The board of county commissioners of a county with a population between one hundred three thousand and one hundred seven thousand according to the most recent federal decennial census, by resolution adopted by a majority of the members of the board within six months after September 15, 2014, may levy a tax not to exceed three per cent on transactions by which a hotel is or is to be furnished to transient guests. The purpose of the tax shall be to pay the costs of expanding, maintaining, or operating a soldiers' memorial and the costs of administering the tax. All revenue arising from the tax shall be credited to one or more special funds in the county treasury and shall be spent solely for the purposes of paying those costs.
The board of county commissioners shall adopt all rules necessary to provide for the administration of the tax subject to the same limitations on imposing penalty or interest under division (A) of this section.
(T) As used in division (T) of this section:
(1) "Eligible county" means a county in which a county agricultural society or independent agricultural society is organized under section 1711.01 or 1711.02 of the Revised Code, provided the agricultural society owns a facility or site in the county at which an annual harness horse race is conducted where one-day attendance equals at least forty thousand attendees.
(2) "Permanent improvements," "debt charges," and "financing costs" have the same meanings as in section 133.01 of the Revised Code.
(3) "Costs of permanent improvements" include all costs allowed in section 133.15 of the Revised Code.

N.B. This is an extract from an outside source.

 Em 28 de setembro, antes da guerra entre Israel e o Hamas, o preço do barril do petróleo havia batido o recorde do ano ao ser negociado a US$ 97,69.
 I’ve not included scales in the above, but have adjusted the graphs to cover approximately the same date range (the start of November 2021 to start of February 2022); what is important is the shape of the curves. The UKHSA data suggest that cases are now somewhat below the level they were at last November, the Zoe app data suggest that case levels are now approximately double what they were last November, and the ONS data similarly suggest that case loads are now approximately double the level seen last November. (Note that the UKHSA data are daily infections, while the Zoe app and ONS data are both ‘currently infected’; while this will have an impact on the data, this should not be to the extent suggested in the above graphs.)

A board of county commissioners of an eligible county, by resolution adopted by a majority of the members of the board, may levy an excise tax at the rate of up to three per cent on transactions by which lodging by a hotel is or is to be furnished to transient guests for the purpose of paying the costs of permanent improvements at sites at which one or more agricultural societies conduct fairs or exhibits, including paying financing costs and debt charges on bonds, or notes in anticipation of bonds, paying the costs of maintaining or operating such permanent improvements, and paying the costs of administering the tax.
A resolution adopted under division (T) of this section, other than a resolution that only extends the period of time for which the tax is levied, shall direct the board of elections to submit the question of the proposed lodging tax to the electors of the county at a special election held on the date specified by the board in the resolution, provided that the election occurs not less than ninety days after a certified copy of the resolution is transmitted to the board of elections. A resolution submitted to the electors under division (T) of this section shall not go into effect unless it is approved by a majority of those voting upon it. The resolution takes effect on the date the board of county commissioners receives notification from the board of elections of an affirmative vote.

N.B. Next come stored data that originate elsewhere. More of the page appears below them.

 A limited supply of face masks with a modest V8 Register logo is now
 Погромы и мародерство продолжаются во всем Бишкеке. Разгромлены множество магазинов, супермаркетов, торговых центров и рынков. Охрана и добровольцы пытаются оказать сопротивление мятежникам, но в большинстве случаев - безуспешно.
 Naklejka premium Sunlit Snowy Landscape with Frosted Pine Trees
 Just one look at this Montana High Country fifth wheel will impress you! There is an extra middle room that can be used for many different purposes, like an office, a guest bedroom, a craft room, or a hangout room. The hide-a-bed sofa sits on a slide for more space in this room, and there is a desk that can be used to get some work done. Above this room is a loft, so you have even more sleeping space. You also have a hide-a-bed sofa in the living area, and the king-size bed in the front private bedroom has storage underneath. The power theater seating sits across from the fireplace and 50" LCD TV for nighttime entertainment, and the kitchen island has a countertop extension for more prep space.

The tax shall remain in effect for the period specified in the resolution, not to exceed five years, and may be extended for an additional period of years that is at least the number of years required for payment of the debt charges on bonds or notes in anticipation of bonds authorized under this division but not in excess of fifteen years thereafter by a resolution adopted by a majority of the members of the board. A resolution extending the period of time for which the tax is in effect is not subject to approval of the electors of the county, but is subject to referendum under sections 305.31 to 305.99 of the Revised Code. All revenue arising from the tax shall be credited to one or more special funds in the county treasury and shall be spent solely for the purposes of paying the costs of such permanent improvements, including paying financing costs and debt charges on bonds, or notes in anticipation of bonds, and maintaining or operating the improvements. Revenue allocated for the use of a county agricultural society may be credited to the county agricultural society fund created in section 1711.16 of the Revised Code upon appropriation by the board. If revenue is credited to that fund, it shall be expended only as provided in that section.

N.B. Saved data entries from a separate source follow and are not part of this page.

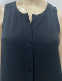 EILEEN FISHER Black Silk Round Neck Front Button Fastened Sleeveless Dress XS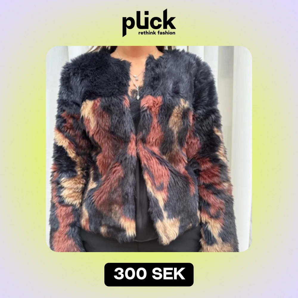 Flerfärgad pälsjacka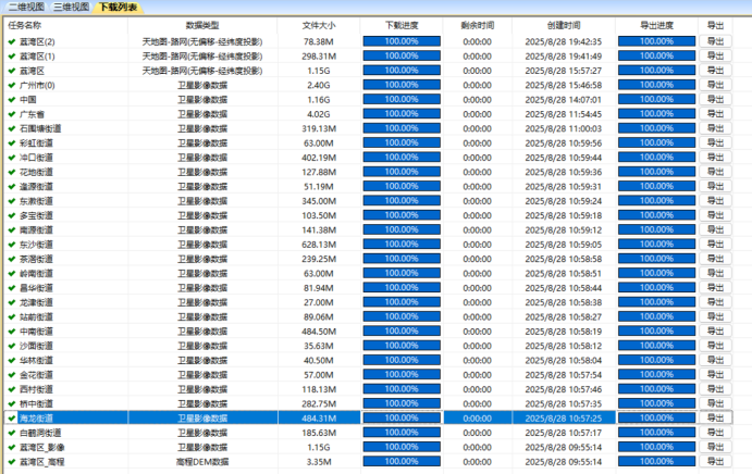 注意:为了范围更广,下载了广州15级,广东13级,中国9级影像数据。注意,更大范围的低级别的数据,最后拷贝到目录里,并且覆盖前面的,因为前面小范围的边界可能不完整。或者简单点的,按精度生成级别范围即可,例如荔湾区,只生成16-19级,不要生成16级以下的,广州生成14-15级,广东生成10-13级,中国生成1-9级瓦片。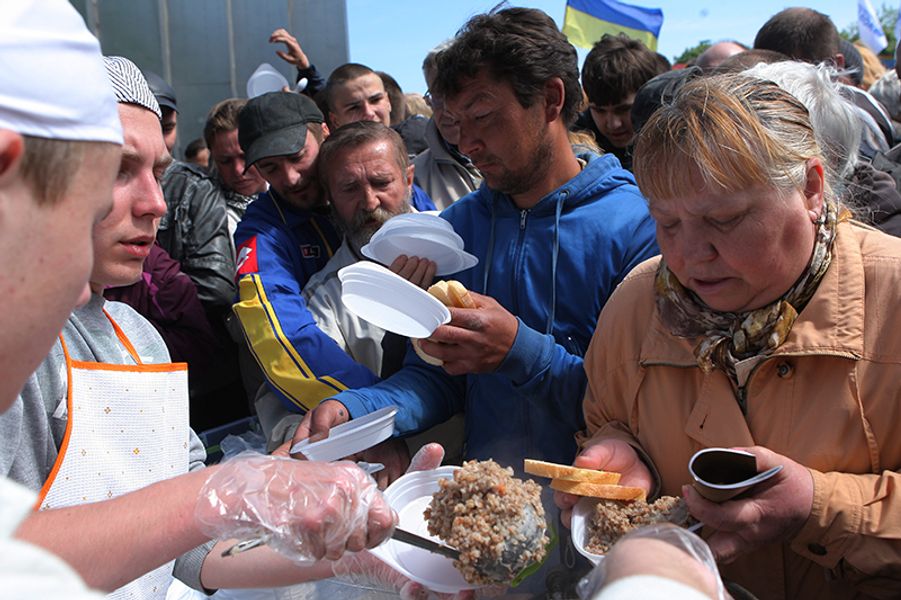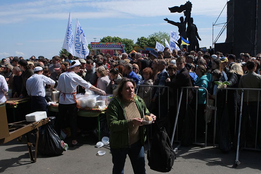 Особой популярностью среди участников акции пользовалась бесплатная каша из полевой кухни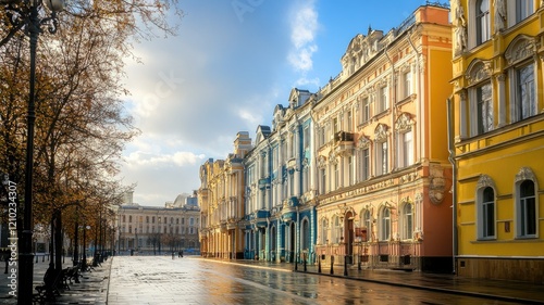 architecture, historic, building, street, european, colourful, scenic, urban, city landscape, picturesque, old, travel, tour tourism, outdoors, sky, cloud, structure, facades, autumn, tree, wet, pavement, morning, daylight, heritage, classical, town, vibrant, cultural, destination, traditional, aesthetic, bright, serene, beautiful, charming, downtown, elegant, historical, majestic, earth, quaint, view, background, copy space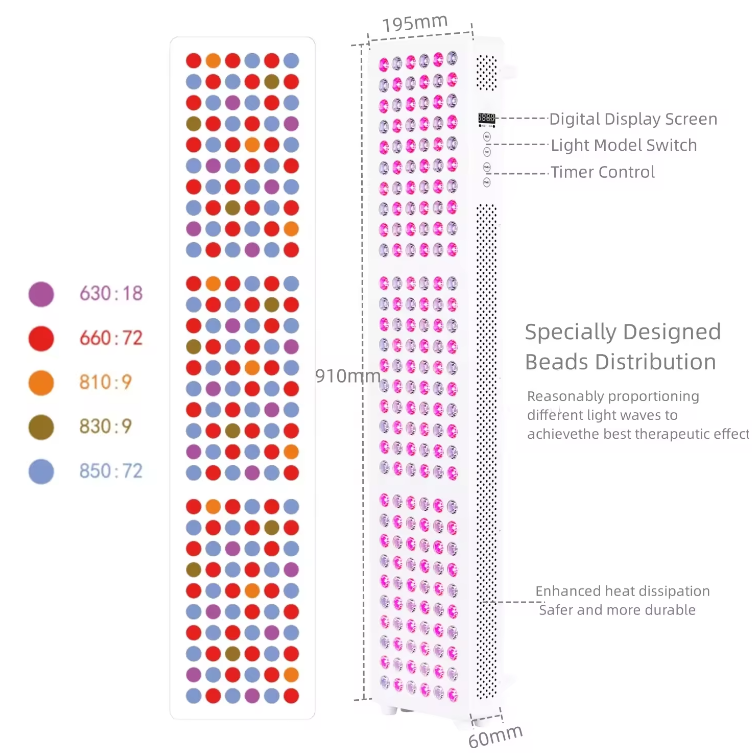 - 630nm and 660nm wavelengths are ideal for promoting cellular repair and enhancing mitochondrial function, improving energy production at the cellular level.

The board of county commissioners shall adopt all rules necessary to provide for the administration of the tax. The rules may prescribe the time for payment of the tax, and may provide for the imposition or penalty or interest, or both, for late payments, provided that the penalty does not exceed ten per cent of the amount of tax due, and the rate at which interest accrues does not exceed the rate per annum prescribed in section 5703.47 of the Revised Code.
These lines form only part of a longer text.